Edinburgh
The one postcard I desperately wanted is the one photograph nobody seems to have taken, possibly because it’s difficult to find a good vantage from which to take it: Arthur’s Seat and the Salisbury Crags taken from the vicinity of the Edinburgh First dormitories, where they really do outline a lion crouched over Edinburgh, looking over Holyrood Palace toward the Firth of Forth and downtown.
If anybody has that picture, I would cheerfully pay for a good print.
Edinburgh is a city I can imagine falling in love with, just as I fell hard for Holyrood Park the day I got here. It’s a city built on a human scale: walkable (even the hills), courteous, inviting, with a welcome sense of long history that never becomes stifling or snobbish. Though it’s currently jam-packed with tourists owing to the Fringe and sundry allied festivals, it isn’t hard to see the quieter workaday town underneath. The person most responsible for inviting me here, Robin Rice, graduated from UW-SLIS and worked in Madison for a time afterwards; she went to some trouble to move to Edinburgh, and I can completely understand why.
It does rain here and it does blow, so an umbrella is better than nothing and rain gear is better than an umbrella. It doesn’t do all-day rains, though; half an hour and the rain is over, or so it’s been since I’ve been here.
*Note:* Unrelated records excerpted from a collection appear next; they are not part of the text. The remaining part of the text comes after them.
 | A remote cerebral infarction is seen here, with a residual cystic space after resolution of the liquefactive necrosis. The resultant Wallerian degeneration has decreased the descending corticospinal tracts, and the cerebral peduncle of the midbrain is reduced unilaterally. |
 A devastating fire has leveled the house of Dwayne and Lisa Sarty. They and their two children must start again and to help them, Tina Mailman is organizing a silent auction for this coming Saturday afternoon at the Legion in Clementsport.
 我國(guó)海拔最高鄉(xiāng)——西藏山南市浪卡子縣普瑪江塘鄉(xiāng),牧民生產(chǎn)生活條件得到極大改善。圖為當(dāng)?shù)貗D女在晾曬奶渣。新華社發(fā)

This morning, after another excellent breakfast from the kindly and hospitable staff of my hotel, I set out a-wandering through the Old Town. I got slightly lost, but happily so, as I wandered past the imposing Herriot School and the marvelous view from Keir Street behind it. I landed at the Grassmarket at last, which was set up for a half-art-fair, half-flea-market; I found a little something-something there I think David will like.
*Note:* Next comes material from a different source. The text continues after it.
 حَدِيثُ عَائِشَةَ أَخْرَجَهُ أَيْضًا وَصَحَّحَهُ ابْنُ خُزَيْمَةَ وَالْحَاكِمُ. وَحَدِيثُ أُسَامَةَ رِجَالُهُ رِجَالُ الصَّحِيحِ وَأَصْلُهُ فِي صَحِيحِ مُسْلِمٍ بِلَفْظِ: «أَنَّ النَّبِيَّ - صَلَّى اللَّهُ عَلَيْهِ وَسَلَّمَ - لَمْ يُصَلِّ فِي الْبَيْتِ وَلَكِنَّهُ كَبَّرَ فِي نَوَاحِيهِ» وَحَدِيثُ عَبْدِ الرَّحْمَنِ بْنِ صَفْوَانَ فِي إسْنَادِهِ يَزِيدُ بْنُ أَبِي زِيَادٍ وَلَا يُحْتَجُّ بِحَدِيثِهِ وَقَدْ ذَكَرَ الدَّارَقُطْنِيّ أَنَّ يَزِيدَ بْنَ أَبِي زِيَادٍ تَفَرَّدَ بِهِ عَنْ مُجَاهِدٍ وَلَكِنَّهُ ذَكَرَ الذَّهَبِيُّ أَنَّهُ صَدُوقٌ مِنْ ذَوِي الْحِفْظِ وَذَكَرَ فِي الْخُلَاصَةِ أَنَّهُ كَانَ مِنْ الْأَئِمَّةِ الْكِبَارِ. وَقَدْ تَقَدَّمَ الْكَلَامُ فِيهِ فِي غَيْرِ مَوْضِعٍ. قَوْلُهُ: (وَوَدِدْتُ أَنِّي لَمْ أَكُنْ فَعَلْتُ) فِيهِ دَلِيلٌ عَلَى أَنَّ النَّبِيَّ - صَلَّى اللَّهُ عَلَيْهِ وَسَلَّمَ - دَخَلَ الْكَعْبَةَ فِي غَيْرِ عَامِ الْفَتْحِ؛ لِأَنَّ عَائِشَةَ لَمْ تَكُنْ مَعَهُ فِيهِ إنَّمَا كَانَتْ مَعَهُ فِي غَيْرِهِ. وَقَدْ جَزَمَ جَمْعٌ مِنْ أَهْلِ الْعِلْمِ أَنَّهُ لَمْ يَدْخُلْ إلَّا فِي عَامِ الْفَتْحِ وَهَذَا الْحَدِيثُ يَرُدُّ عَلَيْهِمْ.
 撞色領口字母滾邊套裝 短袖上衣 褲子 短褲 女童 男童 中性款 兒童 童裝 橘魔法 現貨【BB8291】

Edinburgh Castle is an immense old pile, on an even immenser cliff. It’s all done up with a makeshift stadium for the Tattoo, so I decided to pass on touring it and make my way down the Royal Mile instead. This is… well, tourist kitsch is what it is, I’m afraid, but there are tidbits of interest here and there, notably St. Giles’s Cathedral (which, like Edinburgh itself, is humane rather than imposing) and a kirk halfway down with a rather remarkable graveyard in back.
I detoured up the North and South Bridge (such views!) to New Town, taking in the Sir Walter Scott memorial (pretty good for a novelist, I thought!); I elected not to climb it, as I knew I’d be coming back Holyrood Park way. I dallied through the Princes Street gardens and some of the side streets, managing to locate a Sainsbury’s for a quick and cheap lunch to take back to the gardens.
Reaching the bottom of the Royal Mile at length, I decided to tour Holyrood Palace and its ruined abbey and its gardens, which are honestly worth the rather steep admission fee. Mary Queen of Scots, James VI/I, Charles II, Bonnie Prince Charlie and his sad death, and any number of other royals have set their marks on the place. (Also, a plaster cast of the skull of Robert the Bruce has grisly pride of place in a display of curiosities.) Magnificent tapestries are everywhere, and although they are clearly partly there for pure convenience (they keep out cold), that doesn’t stop them being beautifully woven. The gardens are sedate, well-tended, green as green. I do hope Their Royal Highnesses enjoy the place; it deserves to be enjoyed.
The remarkable display of Italian Renaissance art in the Queen’s Gallery is a testament to the treasures piled up by the crown. You wouldn’t believe how many da Vinci cartoons it is claimed belong to the monarchy if I told you. I quite liked a Pallas Athene (not by da Vinci) with brooding dark eyes in a luminous face.
I could have just walked around the Queen’s Walk back to my hotel, but Holyrood Park was calling, and despite my sore feet, I could only answer it. I didn’t climb anything this time, as I hadn’t the shoes for it; just walked on the path through the valley between the Crags and the Seat, listening to bees and birds and delighting in the beauty around me.
And now, exhausted but perfectly content, I’m sitting and blogging and thinking about packing for the trip home. I missed out on quite a few things I’d have liked to see, but really, I think that’s only right. One ought to leave a city as fine as Edinburgh feeling as though it had more to offer.